The other way is to utilize the pre-trained models and fine-tuning them based on our data. For Information Extraction from text, in particular, BERT models are widely used. To learn more about these, read our blog post here.
#4 Evaluation of the Model
We evaluate the training process is crucial before we use the models in production. This is usually done by creating a testing dataset and finding some key metrics:
- Accuracy: the ratio of correct predictions made against the size of the test data.
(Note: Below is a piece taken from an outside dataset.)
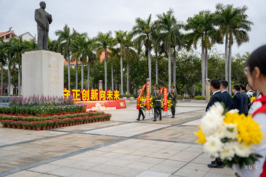 仪式上,李军、江顺代表厦门大学,杨云良、叶志筑代表嘉庚学院,共同向陈嘉庚先生铜像敬献花篮。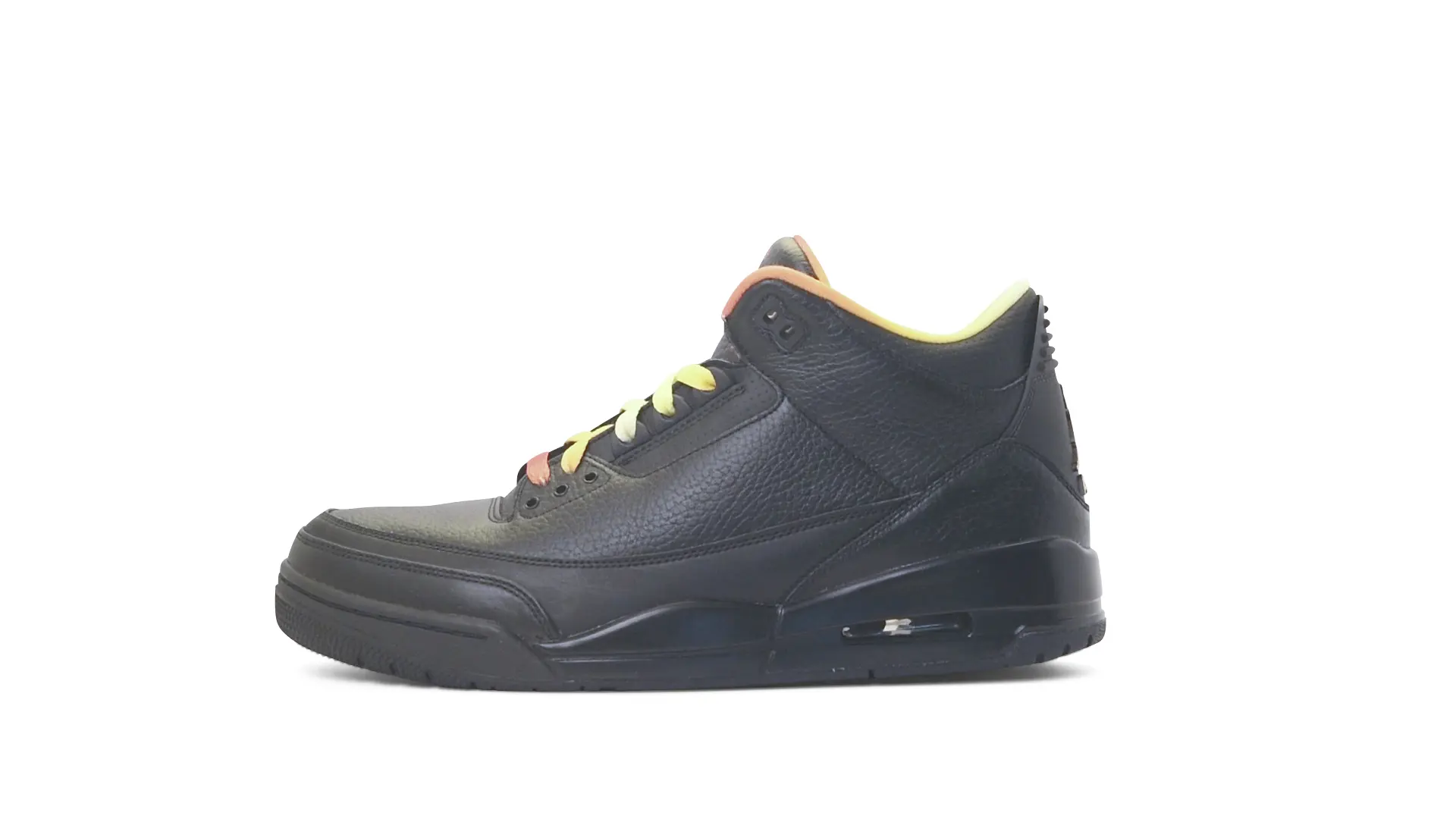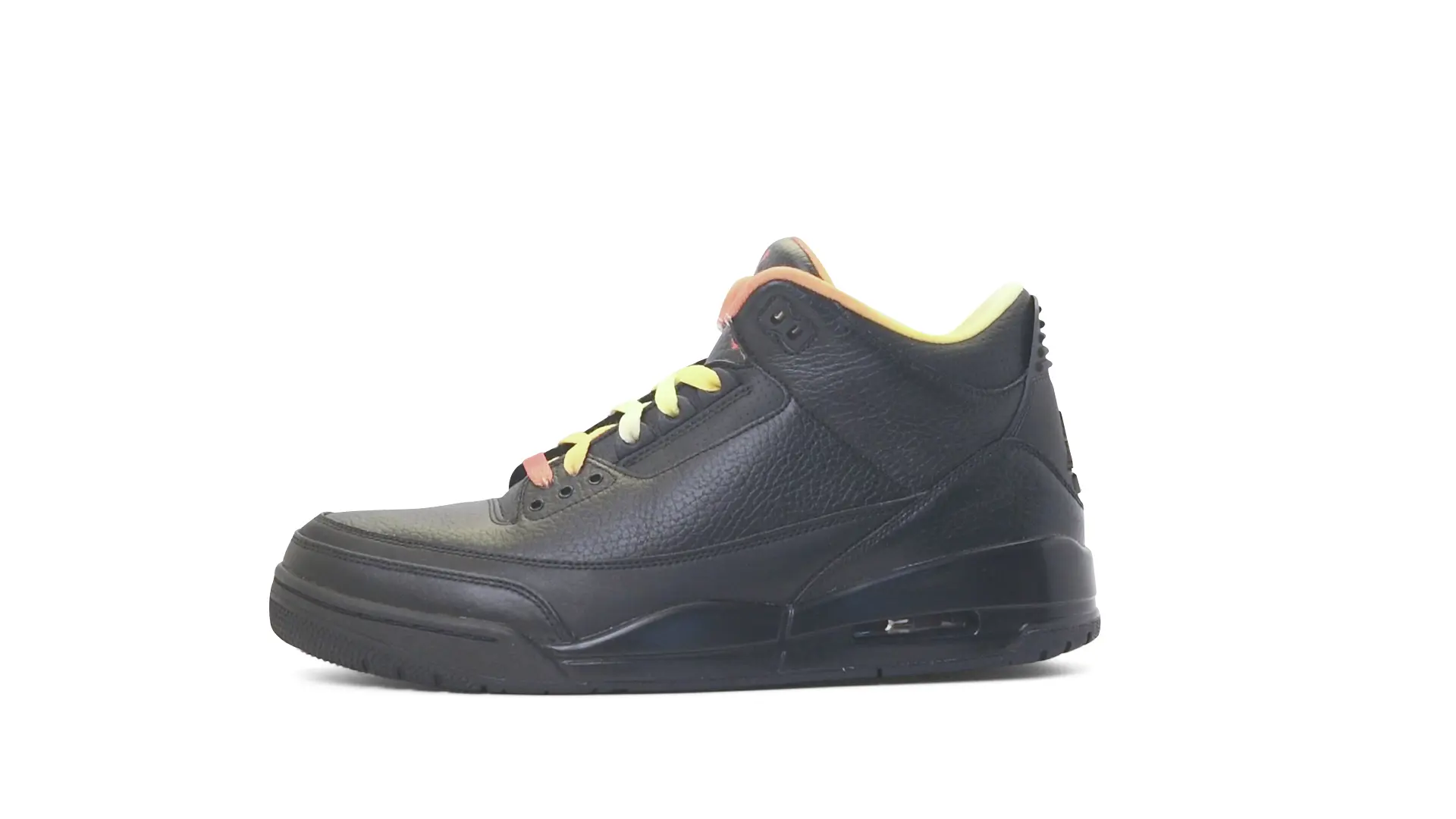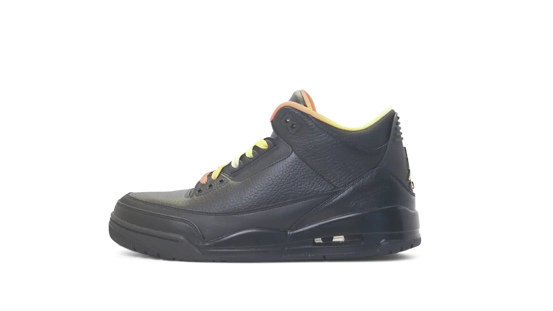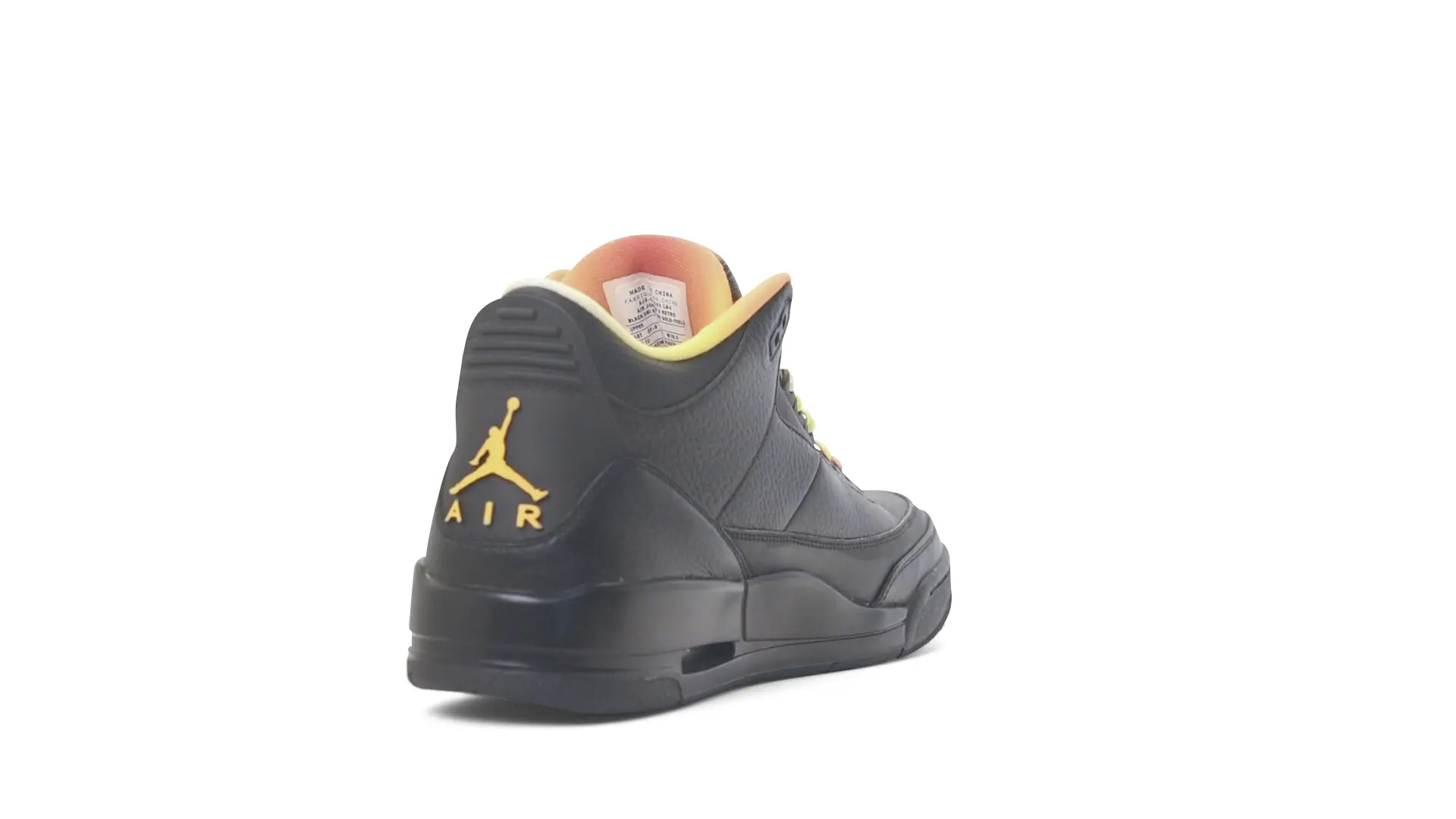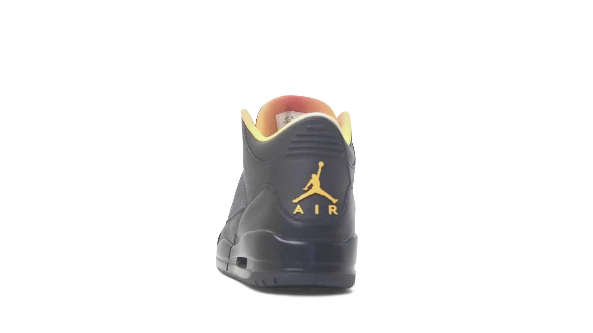 This Air Jordan 3 ‘ Drake vs Lil Wayne’ features a combination of tumbled and smooth black leather dominating the upper, accented by pops of orange and yellow on the laces and collar lining. Notably, the insole showcases a unique 'Drake vs. Lil Wayne' graphic, adding a personal touch to commemorate the tour and their partnership.

- Precision: the ratio of true positives and total predicted positives.
- Recall the ratio of true positives and total actual positives.
- F1-Score: harmonic mean of precision and recall.
Different metrics take precedence when considering different use cases. In invoice processing, we know that an increase in the numbers or missing an item can lead to losses for the company. This means that besides needing a good accuracy, we also need to make sure the false positives for money-related fields are minimum, so aiming for a high precision value might be ideal. We also need to ensure that details like invoice numbers and dates are always extracted since they are needed for legal and compliance purposes. Maintaining a high recall value for these fields might take precedence.
#5 Deploying Model in Production
The full potential of the NLP models only knows when they are deployed in production. Today, as the world is entirely digital, these models are stored on cloud servers with a suitable background. In most cases, Python is utilised as its more handy programming language when it comes to Text data and machine learning. The model is either exported as API or an SDK (software development kit) for integrating with business tools. However, we need not build everything from scratch as there are several tools and online services for this kind of use-cases. For example, Nanonets has a highly accurate, fully trained invoice information extraction NLP model, and you can directly integrate on our applications using APIs or supported SDKs.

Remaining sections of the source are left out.